**PROBLEM:**
Transcribe the records below exactly as they appear, omitting any pictures.

Data entries
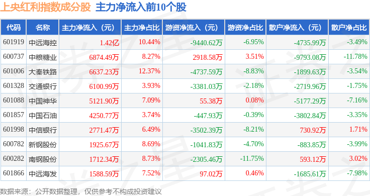 资金流向方面,上央红利(000152)指数成份股当日主力资金净流出合计5.95亿元,游资资金净流入合计2.1亿元,散户资金净流入合计3.86亿元。成份股资金流向详情见下表:
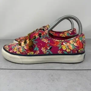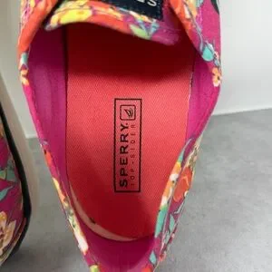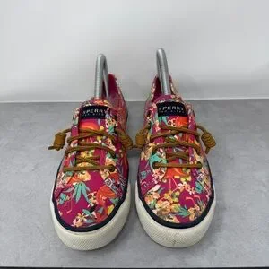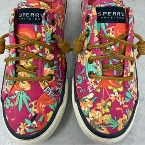 Sperry Women’s Tropical Floral & Flamingo Canvas Slip On Boat Shoes Size 7
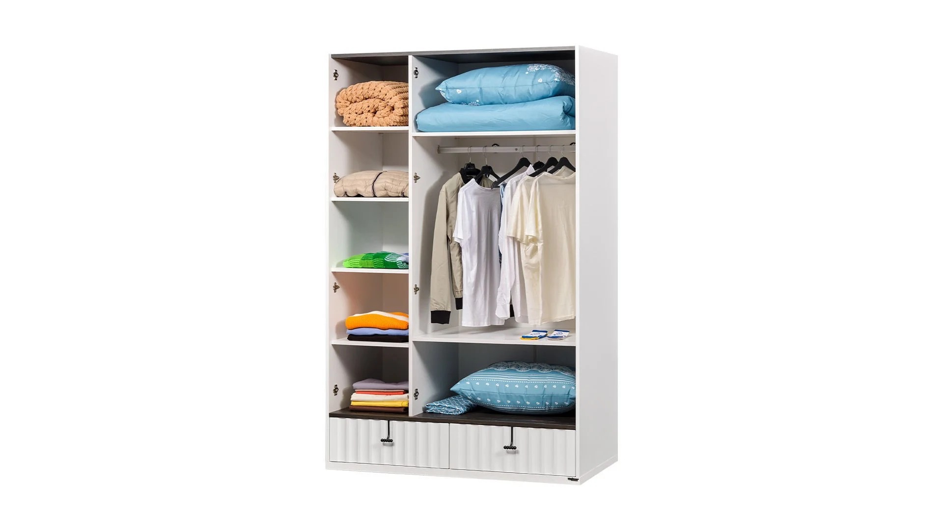 Largeur : 131 cm Hauteur : 205 cm Profondeur : 63 cm Des panneaux de particules mélaminés sont utilisés et présentent une haute résistance à l'eau et à l'humidité et...
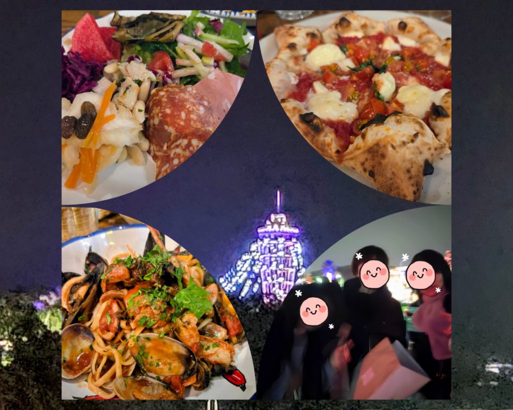 友が予約してくれた江の島のイタリアンで5時に待ち合わせ。寒いし夜だからと車で移動したのですが、途中混雑はしていたけど父とよく通った道で、偲びながらドライブを楽しみました。
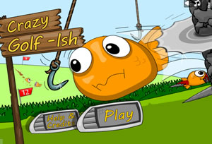 골프공 대신에 금붕어가 골프공 역할을 하는 게임으로 홀이 아닌 물이 가득차 있는 수조에 넣으면 라운드가 클리어되는 미친 물고기 골프 게임입니다.코스에 온갖 장애물이 포진되어 있는데 꼬챙이를 비롯해 회전하는 톱날 그리고 물고기에게 특히나 치명적인 낚시 바늘 등이 있으며 그만큼 세밀한 조정이 필요합니다.수조의 위치가 보이지 않는 코스가 대부분이라 한번 일단 날려보고 대강의 코스를 파악하시는게 좋습니다.
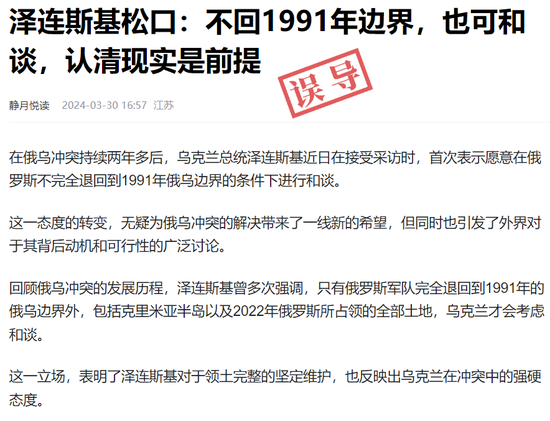 - 原采访中,泽连斯基没有明确提及“乌克兰愿意在俄罗斯不完全退回到1991年俄乌边界的条件下进行和谈”。
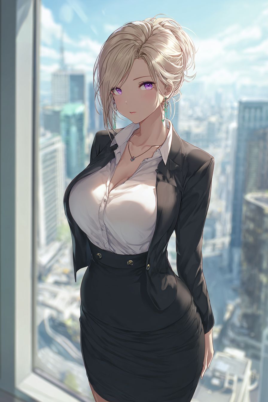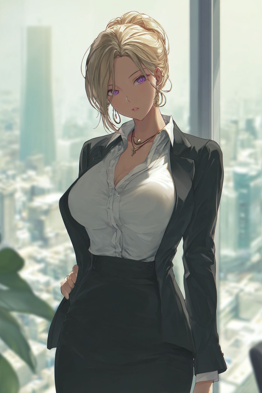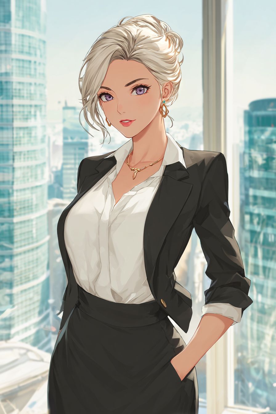 A confident anime-style female character in a corporate office, wearing a sharp black blazer, white blouse, and pencil skirt. Her ash blonde hair is in a sleek updo, with violet eyes. City view through windows, crisp cel shading.
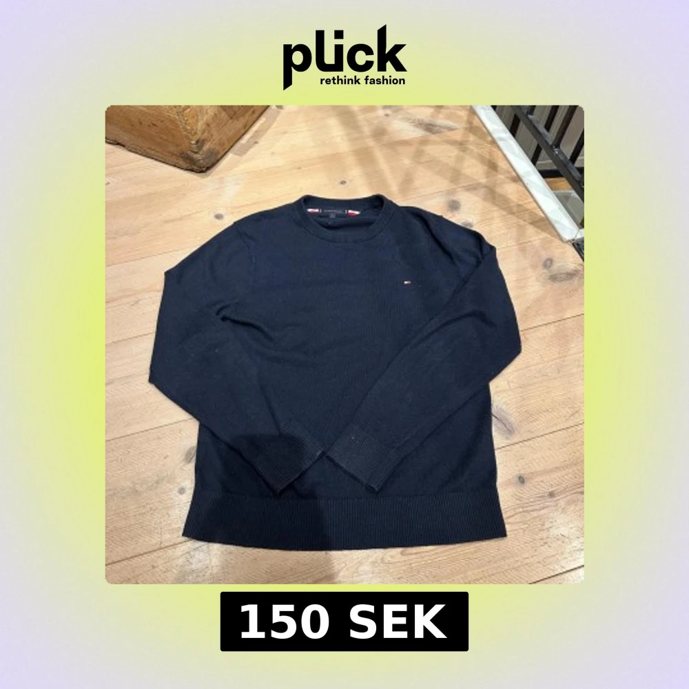 Säljer en stilren svart tröja från Tommy Hilfiger i en mjuk bomulls- och kashmirblandning. Tröjan har långa ärmar och en liten logotyp på bröstet. Perfekt för en klassisk look.

**ANSWER TO THIS PROBLEM:**
 资金流向方面,上央红利(000152)指数成份股当日主力资金净流出合计5.95亿元,游资资金净流入合计2.1亿元,散户资金净流入合计3.86亿元。成份股资金流向详情见下表:
 Sperry Women’s Tropical Floral & Flamingo Canvas Slip On Boat Shoes Size 7
 Largeur : 131 cm Hauteur : 205 cm Profondeur : 63 cm Des panneaux de particules mélaminés sont utilisés et présentent une haute résistance à l'eau et à l'humidité et...
 友が予約してくれた江の島のイタリアンで5時に待ち合わせ。寒いし夜だからと車で移動したのですが、途中混雑はしていたけど父とよく通った道で、偲びながらドライブを楽しみました。
 골프공 대신에 금붕어가 골프공 역할을 하는 게임으로 홀이 아닌 물이 가득차 있는 수조에 넣으면 라운드가 클리어되는 미친 물고기 골프 게임입니다.코스에 온갖 장애물이 포진되어 있는데 꼬챙이를 비롯해 회전하는 톱날 그리고 물고기에게 특히나 치명적인 낚시 바늘 등이 있으며 그만큼 세밀한 조정이 필요합니다.수조의 위치가 보이지 않는 코스가 대부분이라 한번 일단 날려보고 대강의 코스를 파악하시는게 좋습니다.
 - 原采访中,泽连斯基没有明确提及“乌克兰愿意在俄罗斯不完全退回到1991年俄乌边界的条件下进行和谈”。
 A confident anime-style female character in a corporate office, wearing a sharp black blazer, white blouse, and pencil skirt. Her ash blonde hair is in a sleek updo, with violet eyes. City view through windows, crisp cel shading.
 Säljer en stilren svart tröja från Tommy Hilfiger i en mjuk bomulls- och kashmirblandning. Tröjan har långa ärmar och en liten logotyp på bröstet. Perfekt för en klassisk look.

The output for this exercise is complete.